## Problem to solve
Your reply must contain the lines from the one with "Young blonde woman, wearing" through the last line of the material, exact and complete, with no pictures and no other text.
== Material provided
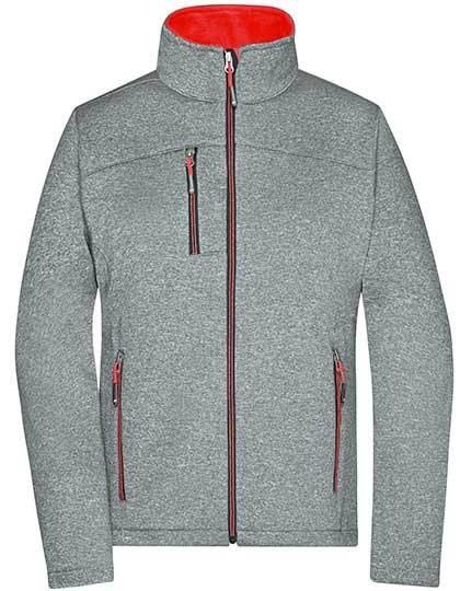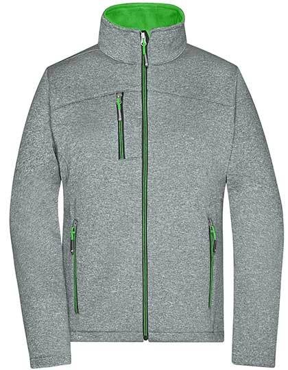 Softshelljacke in Melange-Optik | Angenehmes, weiches, 2-lagiges Softshellmaterial | Fleece-Innenseite in Kontrastfarbe | Durchgehend hinterlegter Front-Reißverschluss mit Kinnschutz | Stehkragen | Zwei seitliche Taschen und eine Brusttasche mit Reißverschluss | Leicht taillliert
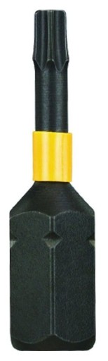 Zestaw bitów DEWALT DT70523T-QZ (32 elementów) Znakomity zestaw końcówek do wkrętaki. Możliwość stosowania w wkrętarkach wyposażonych w udar. Specjalna strefa elastycznego skręcania Flexi-Torsion redukuje obciążenie wierzchołka końcówki i tym samym niebezpieczeństwo pęknięcia łba śruby. Znakomite materiały poprawiają przenoszenie momentu obrotowego i zwiększa żywotność końcówki. Poprzez korzystne osadzenie końcówki we wkręcie zapewnia maksymalną dokładność i lepszy uchwyt. Stal wysokojakościowa zapewnia odporność i długą żywotność. W skład zestawu wchodzi 32 sztuki bitów z mocowaniem na sześciokąt 1/4": 10 x Pozi 25 mm bity PZ1 (2), PZ2 (5), PZ3 (3), 7 x Phillips 25 mm bity: PH1, PH2 (3), PH3, PR2 (2), 3 x rozcięte 25 mm bity: 6 mm, 8 mm, 10 mm, 11 x Torx 25 mm bity: T10 (2), T15 (2), T20 (2), T25 (2), T27, T30, T40 oraz magnetyczny uchwyt bitowy. Zestaw w wytrzymałej i eleganckiej kasecie z tworzywa sztucznego.
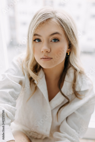 Young blonde woman, wearing white cotton shirt, indoors, in soft window light, looking at camera.
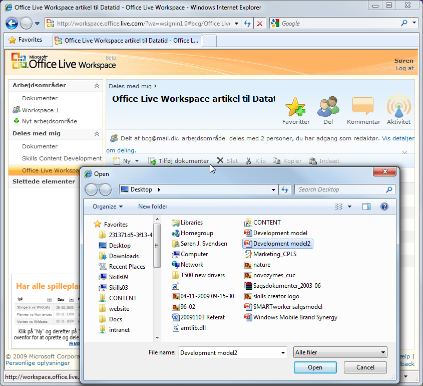 Filer uploader du via Tiføj dokumenter-dialogboksen, og du er ikke begrænset kun til Office-dokumenter. Eksempelvis kan du også uploade en MP3-fil eller et PDF-dokument. Ikke alle slags filer er dog spiselige for Office Live Workspace. Den "smager" nemlig på det, du uploader, og afviser for eksempel programmer eller .zip-filer for at blokere visse indholdstyper.
====
## Answer to the problem
 Young blonde woman, wearing white cotton shirt, indoors, in soft window light, looking at camera.
 Filer uploader du via Tiføj dokumenter-dialogboksen, og du er ikke begrænset kun til Office-dokumenter. Eksempelvis kan du også uploade en MP3-fil eller et PDF-dokument. Ikke alle slags filer er dog spiselige for Office Live Workspace. Den "smager" nemlig på det, du uploader, og afviser for eksempel programmer eller .zip-filer for at blokere visse indholdstyper.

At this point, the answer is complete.